Счастливо рассмеявшись, Александр вошёл в комнату вслед за женой и плотно закрыл за собой дверь.

Эпилог

«Она упала на пол – изящное маленькое создание,

способное нарушить равновесие,

повалились маленькие костяшки домино…

большие костяшки… огромные костяшки,

соединенные цепью неисчислимых лет,

составляющих Время».

(Р. Брэдбери «И грянул гром»)

В марте 1846 года Дмитрия Николаевича Гончарова, известного томского золотопромышленника и уважаемого мецената, неожиданно вызвали в полицейское управление. Запылённый с дороги жандарм, вежливо поздоровавшись, отдал ему пакет, скреплённый личной печатью графа Алексея Орлова, нового начальника Третьего отделения.

– Приказано передать вам… – Он замялся, но всё же добавил, глядя на высоко поднятый подбородок и разворот плеч Гончарова: – Ваше благородие.

Митя, волнуясь, тут же вскрыл пакет. На гербовой бумаге аккуратным почерком было написано:

«В связи с тем, что срок вашего наказания, а именно – двадцатилетней ссылки на поселение в Сибири, подходит к концу, спешу вас уведомить, что, с милостивого согласия государя императора нашего, с июля текущего года вы имеете право вернуться в Россию. Единственное ваше ограничение будет состоять в невозможности въезда в столицы и проживания там. С надеждой на ваше благоразумие, генерал Орлов».

«Ура!» – прошептал Гончаров под бдительным взглядом офицера, а вслух чопорно произнёс:

– Весьма признателен, ваше высокоблагородие, за добрую весть.
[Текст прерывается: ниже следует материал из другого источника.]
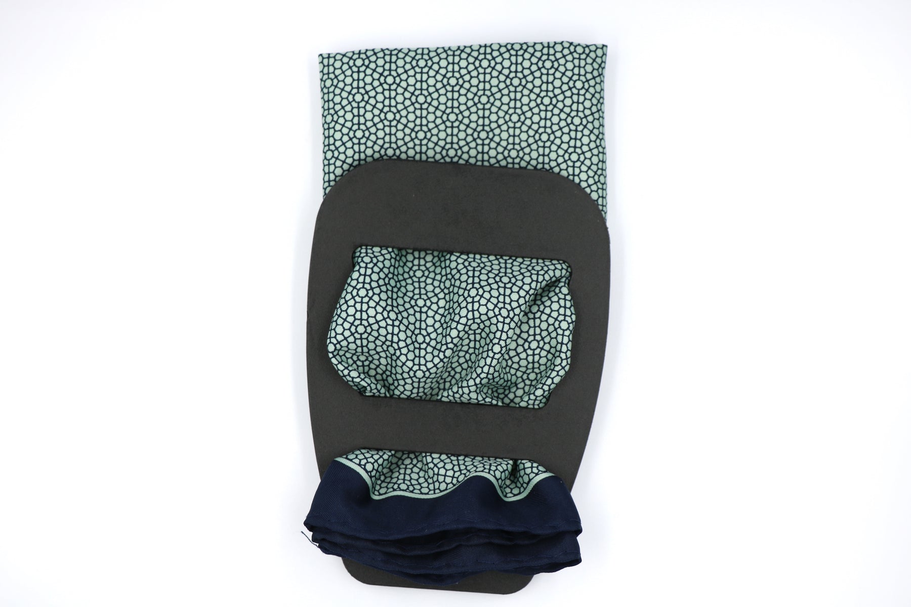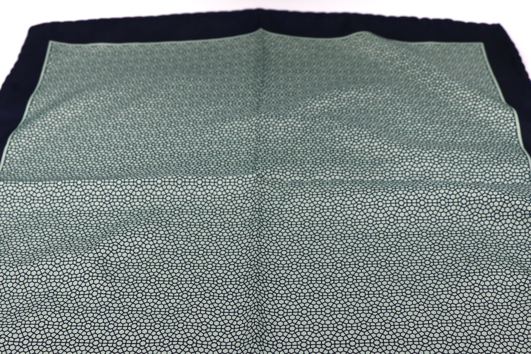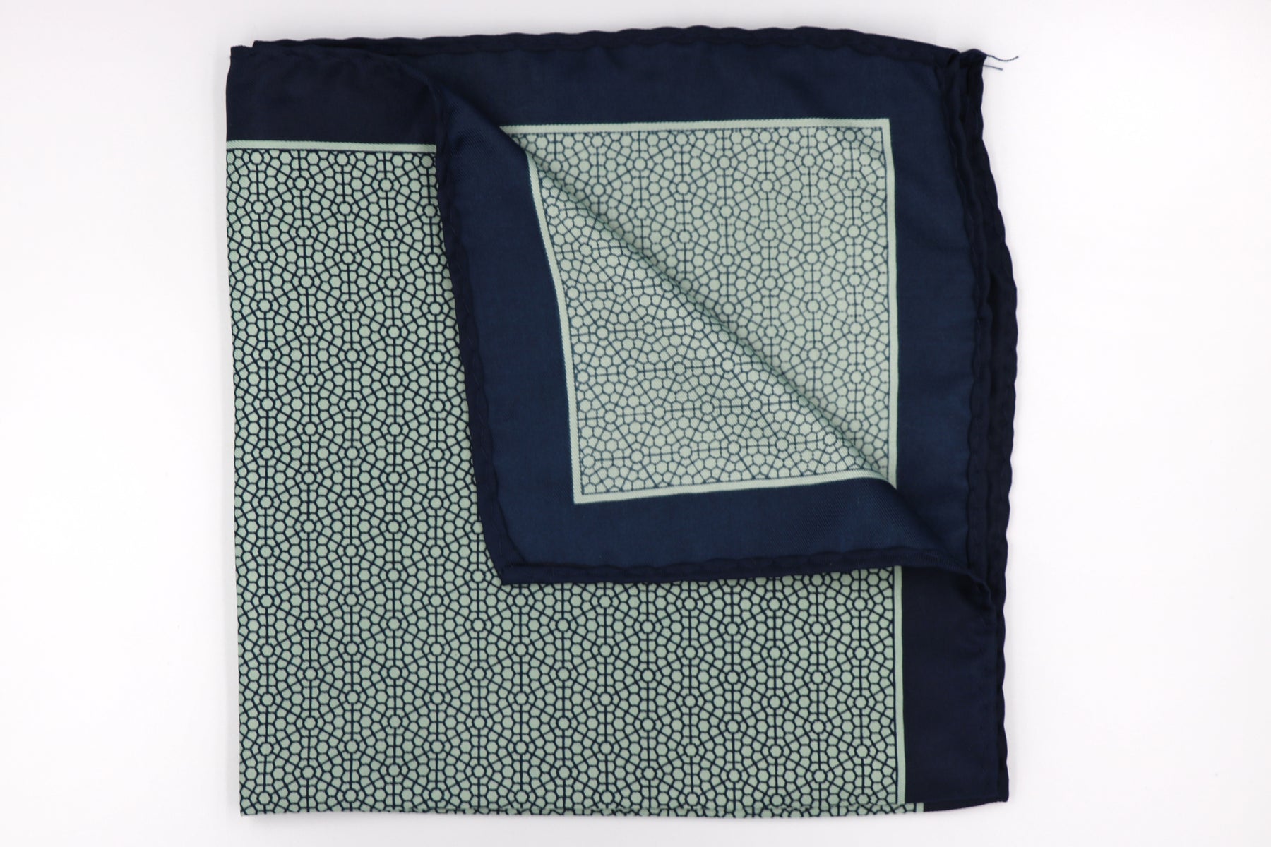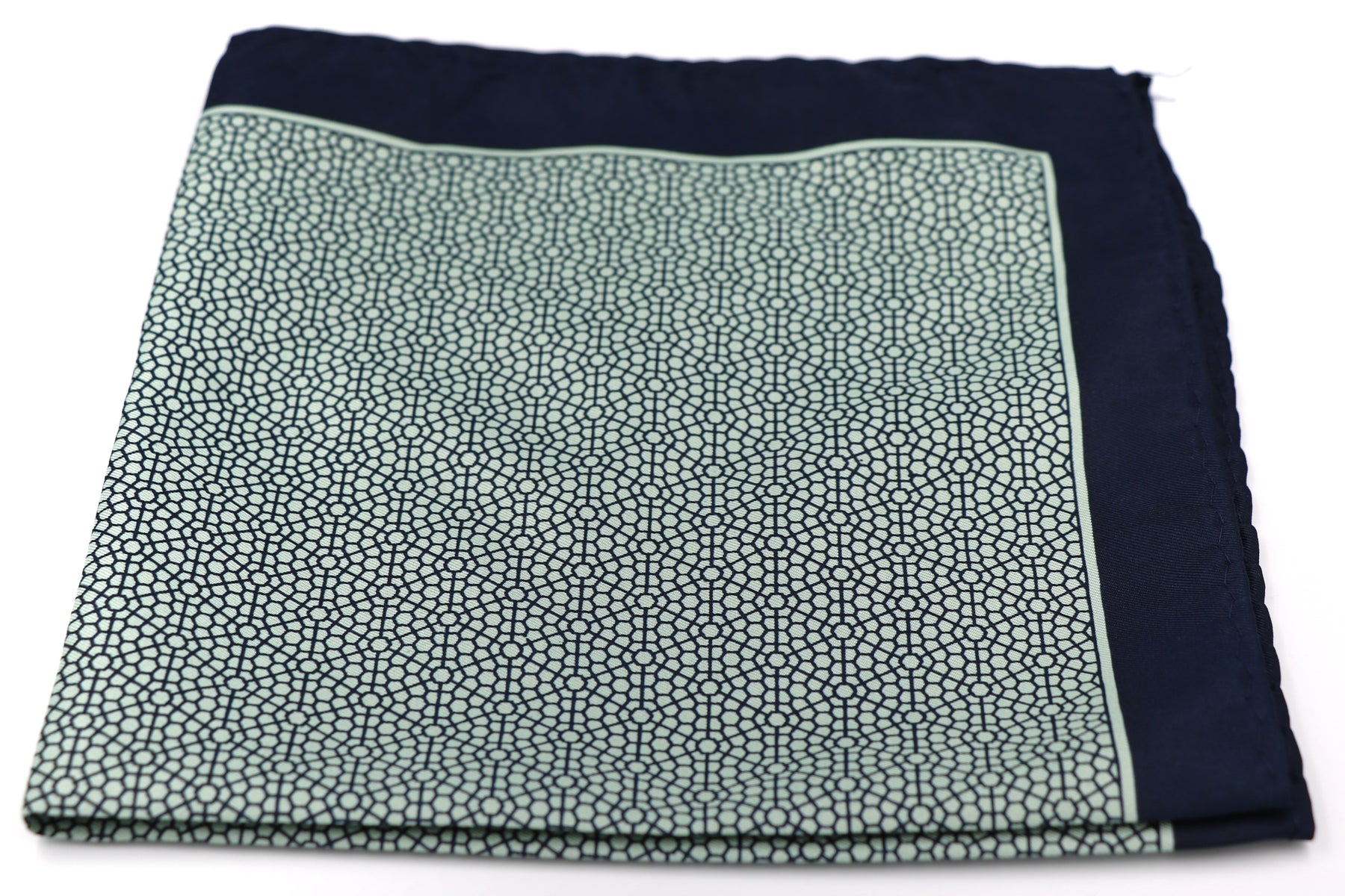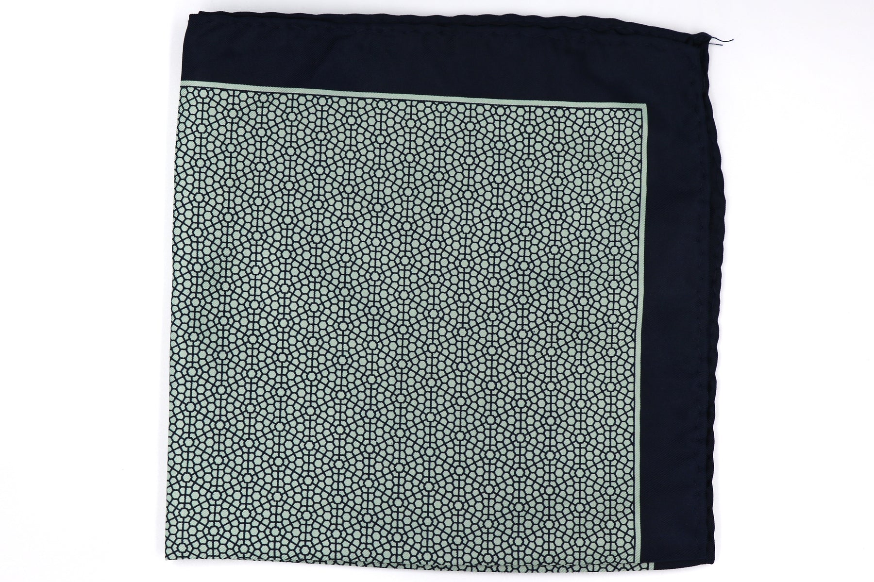 This men's pocket square is a stylish handkerchief accessory measuring 32cm by 32cm. It features a unique geometric honeycomb pattern in a sage green, framed by a deep navy border.
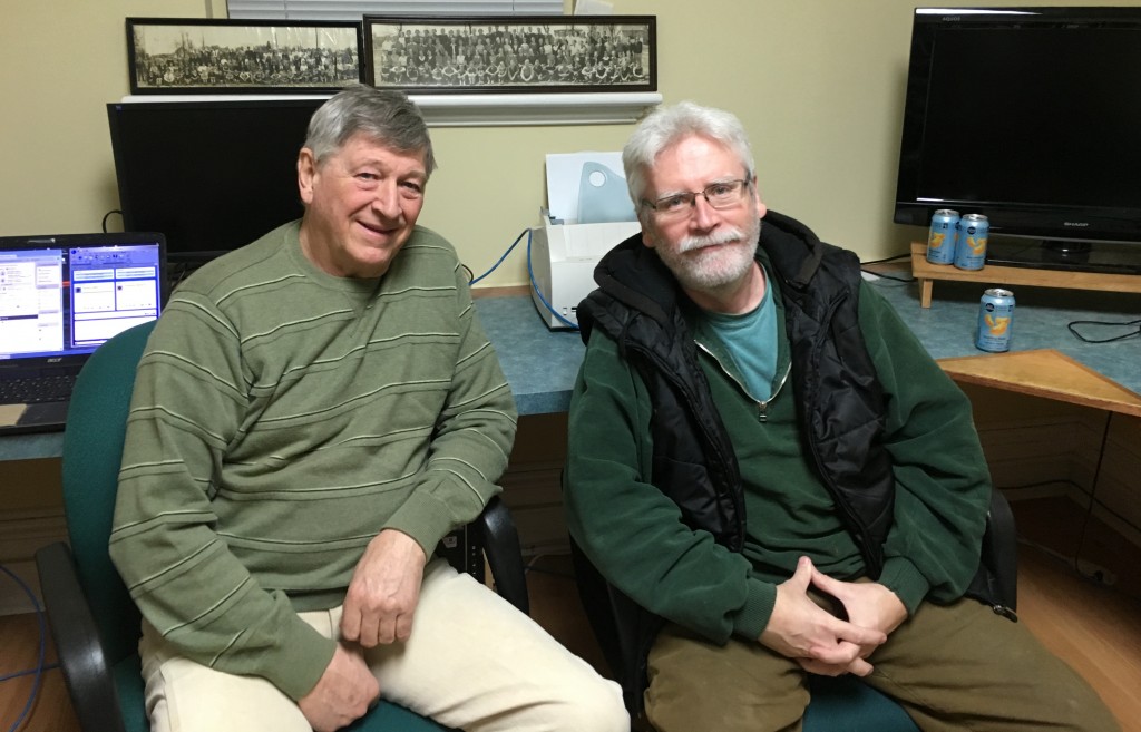 John Docherty and Phil Martin of the Stirling-Rawdon Genealogy Society at their work stations at the village’s library. Photo by Angus Argyle, QNetNews

Неужели вы преодолели такое расстояние лишь для того, чтобы порадовать меня?

– Нет, – хмыкнул жандарм. – Я привёз вам смену. На поселение, – и он вышел, не попрощавшись.

Дмитрий же поспешил к жене. Теперь Гончаровы жили на Почтамтской улице, в огромном особняке, более подходившем их увеличившейся за эти годы семье, чем прежний домик, – у Лизы и Мити было пятеро детей. За домом располагался сад с беседкой и прудом, питаемым родниками, впрочем, в это время года довольно унылый. Напротив обосновался Асташев, его двухэтажный дом с колоннами не уступал жилищу Гончаровых. Иван Дмитриевич жил на широкую ногу и планировал со временем построить в усадьбе и флигель, и сад с оранжереей, а рядом – кафедральный собор. Впрочем, собор предполагался для общественного пользования. Асташев был счастливо женат, и хотя супруга держала его довольно строго, они дополняли друг друга как в семейной, так и в деловой жизни. Сын у них родился всего один, что давало Александре Асташевой большую свободу действий, чем её близкой приятельнице Лизе Гончаровой. С подачи своей Сашиньки, Иван Дмитриевич выстроил детский приют, и она там охотно занималась с ребятишками, а когда в прошлом году здание сгорело, Александра Павловна разместила десяток детей в своём собственном доме и заботилась о них, пока муж добывал золото на новый приют и прочую благотворительность. Асташев давно уже оставил государственную службу ради «золотой лихорадки», охватившей всю Томскую губернию. Фору перед другими искателями удачи на этом поприще ему давала старая дружба с Поповыми, а также сорок тысяч рублей, которые щедрый Федот подарил ему на начало золотопромышленной карьеры. Иван Дмитриевич нашёл новых партнёров и стал во главе собственной компании вместе с купцом Рязановым. Император Николай за личные трудовые заслуги Асташева даже пожаловал ему перстень с бриллиантом, а четыре года назад – и диплом на потомственное дворянство. В общем, Иван Дмитриевич жил прекрасно.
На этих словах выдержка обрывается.